Work to be completed:
Since the copy must hold text only, transcribe the data below exactly and omit the images.

Dataset excerpt:
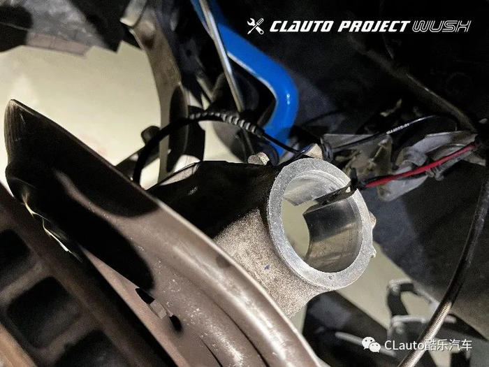 注意:轮速传感器的线束需要从减震器和刹车盘之间的位置穿过,而不是减震器的后侧。
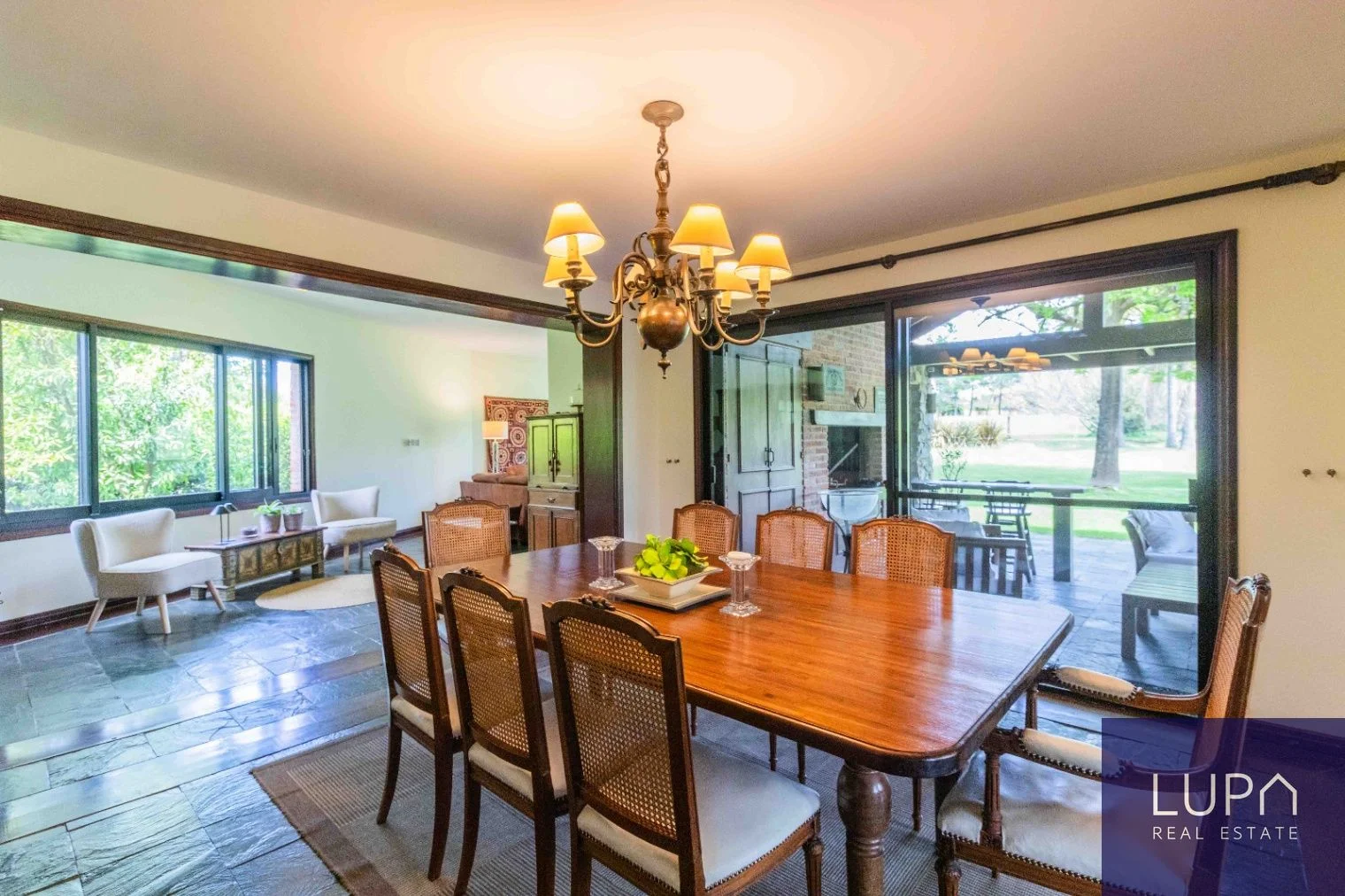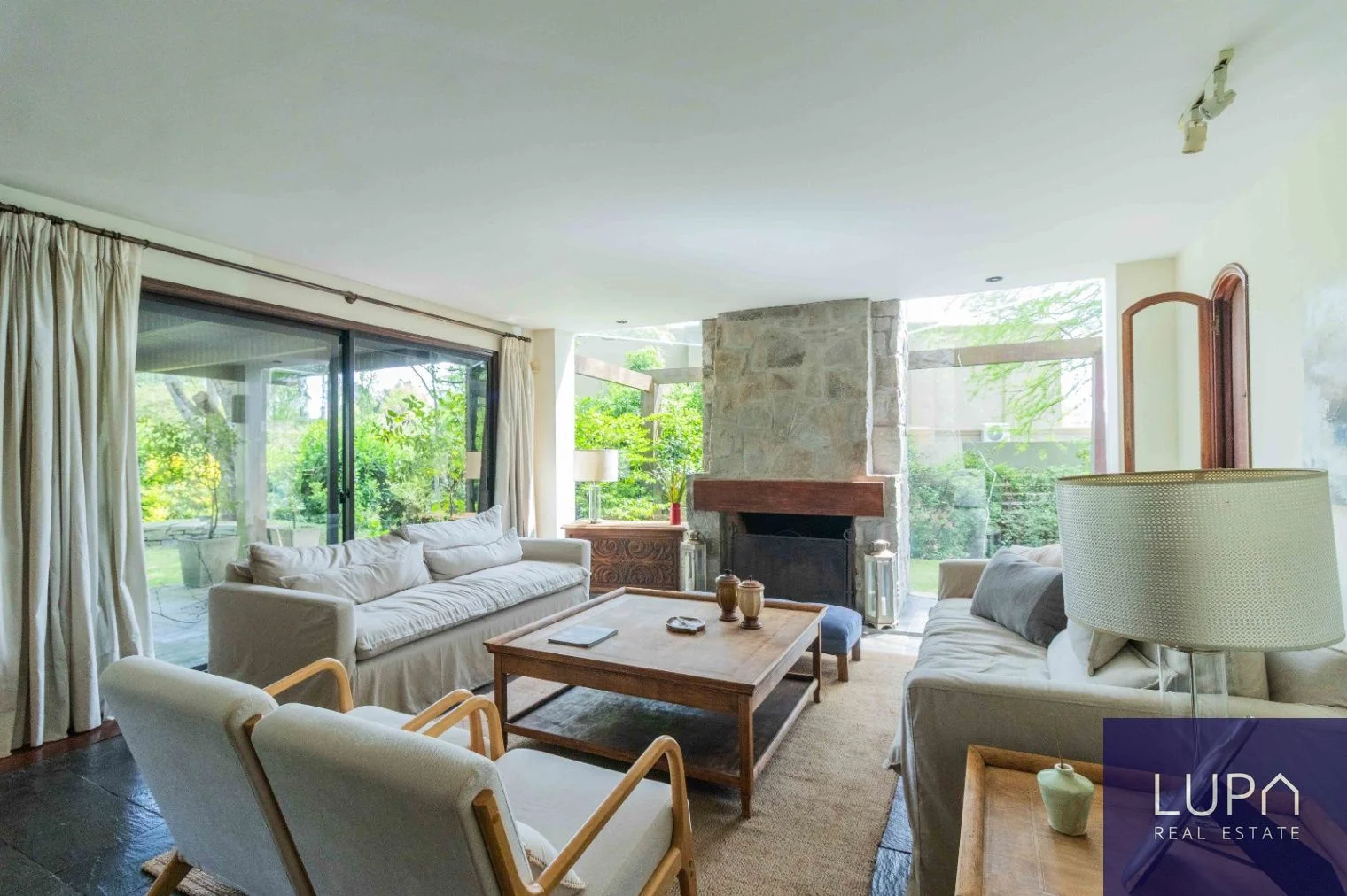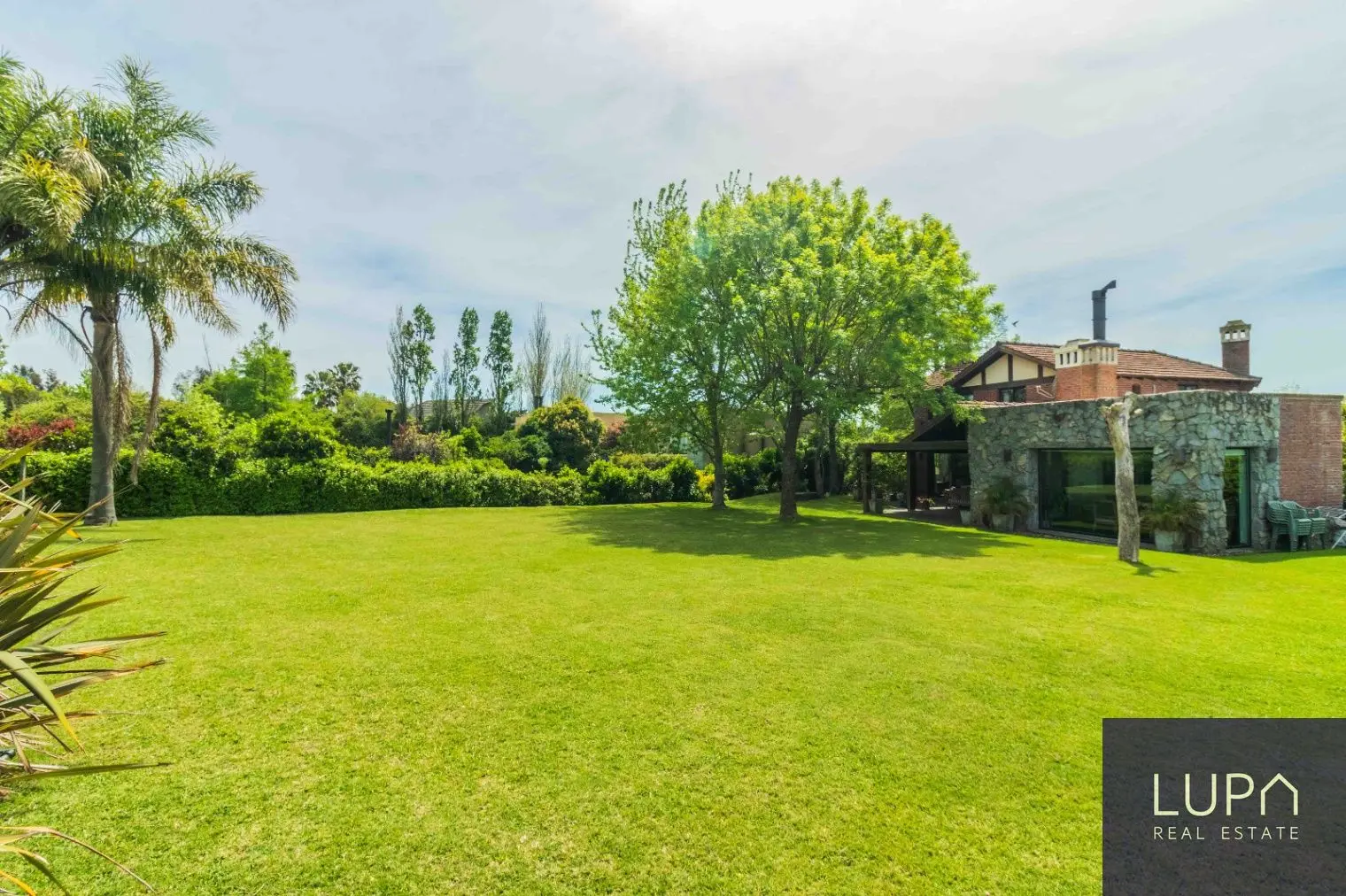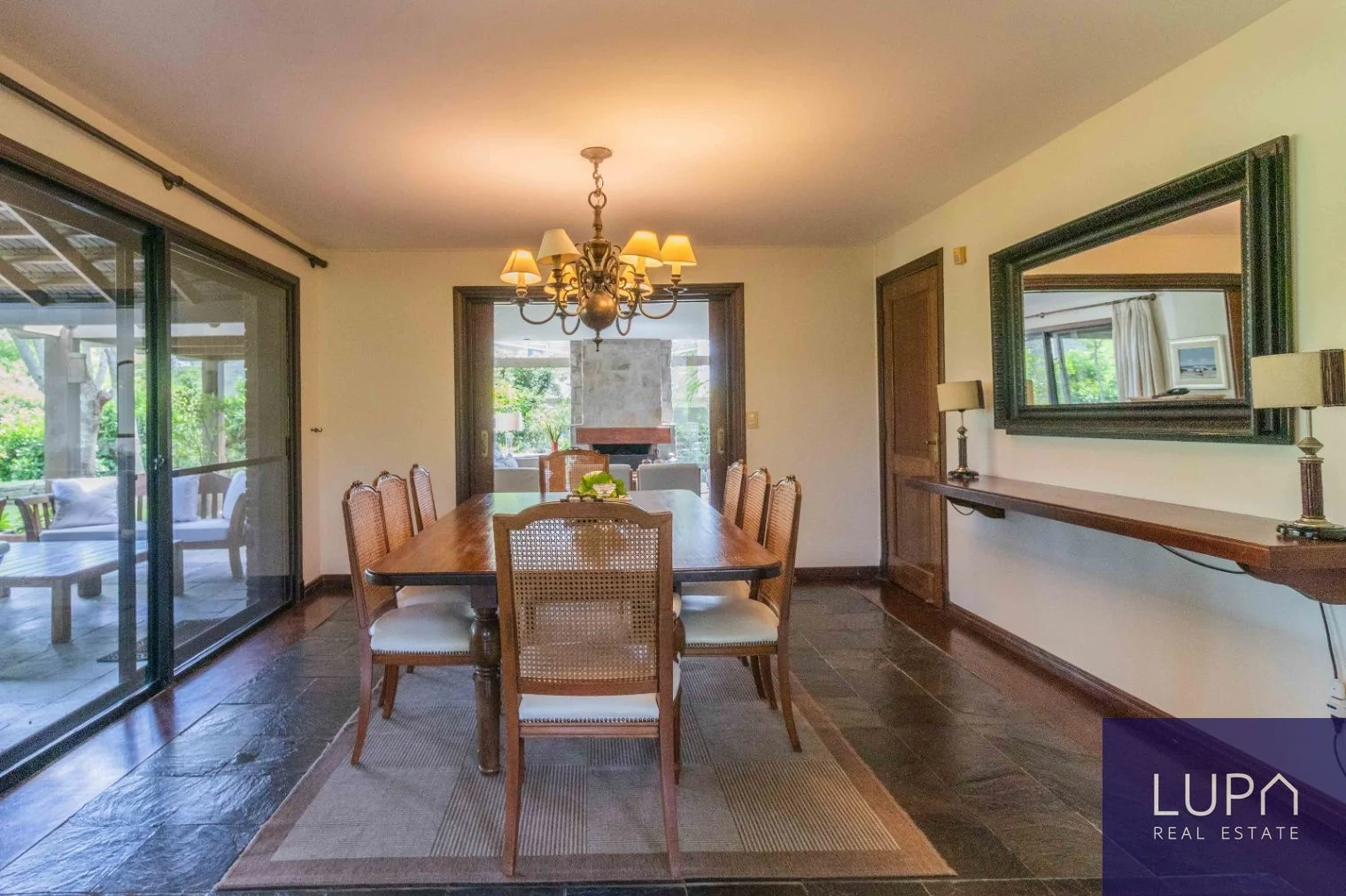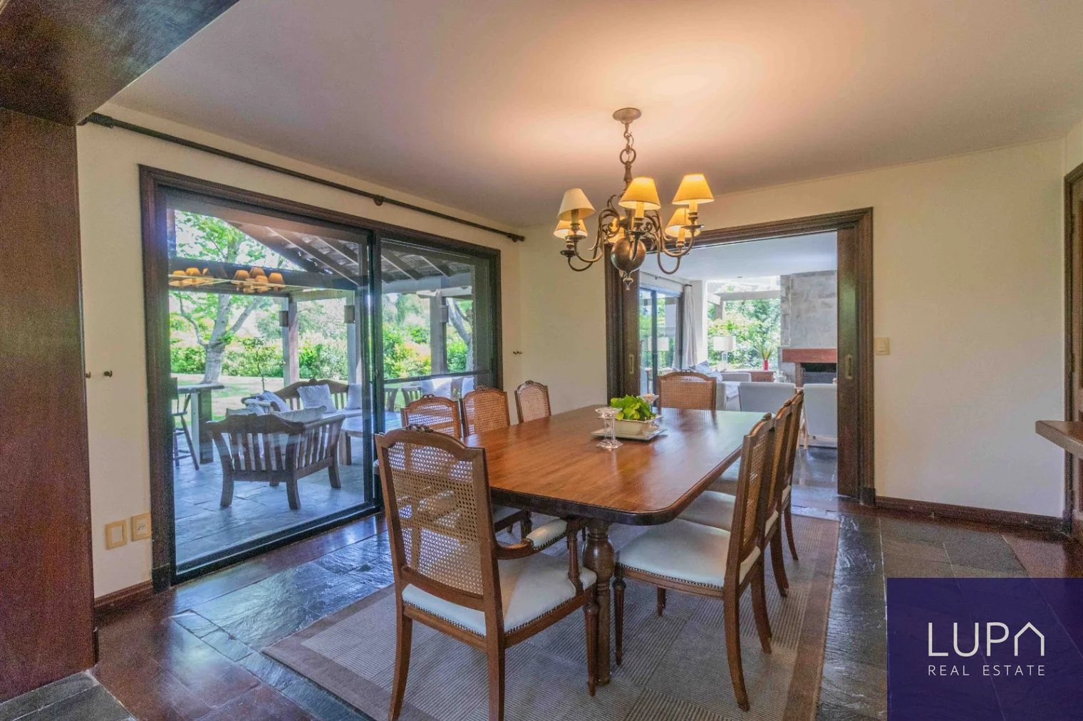Residencia luminosa frente al golf. Casa de 400 m² en lote de 1.300 m², con construcción sólida, amplios ventanales y privacidad. Dispone de living-comedor, barbacoa techada, cocina con acceso a planta baja (área de servicio y garage doble), 2 dormitorios, baño completo y suite principal en planta alta con espacio extra. Detalles: Calefacción por losa, riego, ventanas dobles, aire acondicionado y cercado completo.
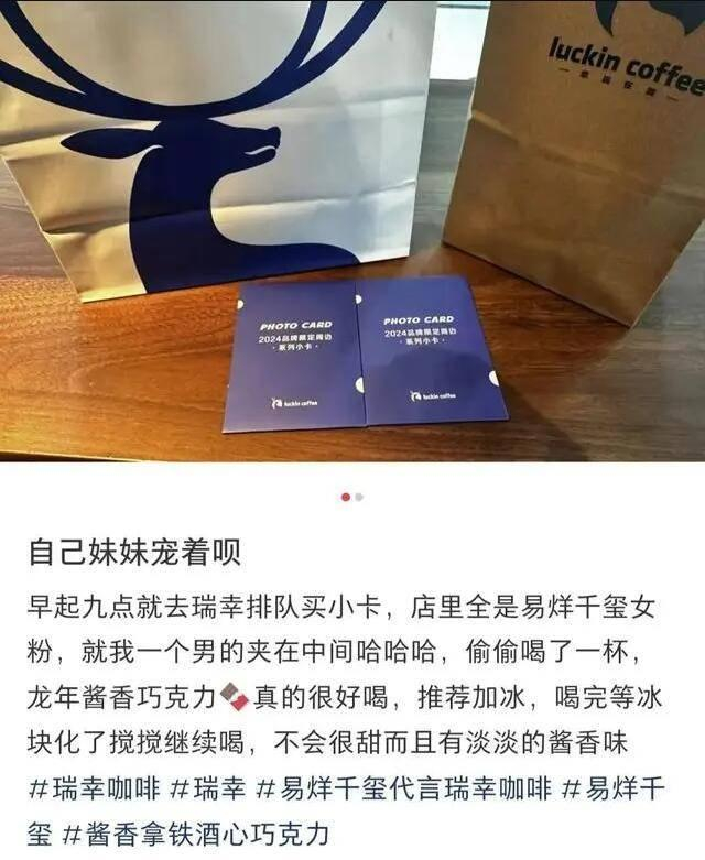 记者在微博和小红书上搜索与酱香巧克力相关的内容,发现许多都与易烊千玺及其小卡相关,#易烊千玺瑞幸小卡##瑞幸易烊千玺小卡#等微博话题的阅读量加起来已破7000万次。一位小红书用户称,自己早起9点去瑞幸排队买小卡,店里全是易烊千玺的女性粉丝,只有他一个男性顾客。
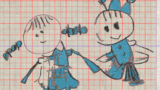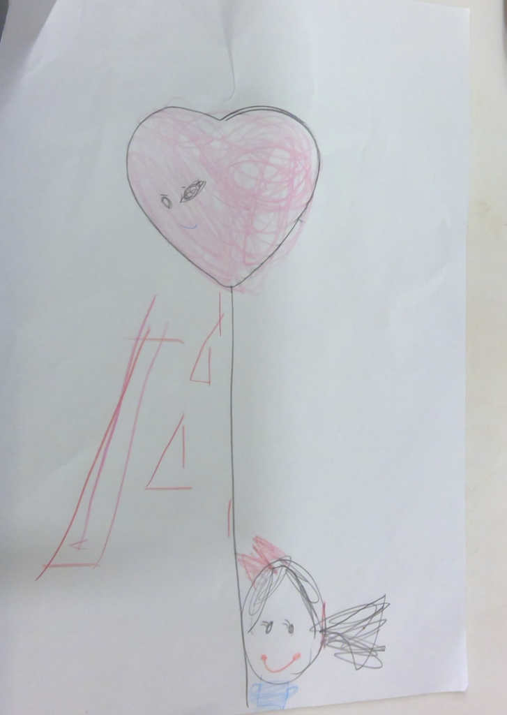 白地の紙に「黒」「赤」「青」「ピンク」の4色の色鉛筆で描いた絵

Task answer:
 注意:轮速传感器的线束需要从减震器和刹车盘之间的位置穿过,而不是减震器的后侧。
Residencia luminosa frente al golf. Casa de 400 m² en lote de 1.300 m², con construcción sólida, amplios ventanales y privacidad. Dispone de living-comedor, barbacoa techada, cocina con acceso a planta baja (área de servicio y garage doble), 2 dormitorios, baño completo y suite principal en planta alta con espacio extra. Detalles: Calefacción por losa, riego, ventanas dobles, aire acondicionado y cercado completo.
 记者在微博和小红书上搜索与酱香巧克力相关的内容,发现许多都与易烊千玺及其小卡相关,#易烊千玺瑞幸小卡##瑞幸易烊千玺小卡#等微博话题的阅读量加起来已破7000万次。一位小红书用户称,自己早起9点去瑞幸排队买小卡,店里全是易烊千玺的女性粉丝,只有他一个男性顾客。
 白地の紙に「黒」「赤」「青」「ピンク」の4色の色鉛筆で描いた絵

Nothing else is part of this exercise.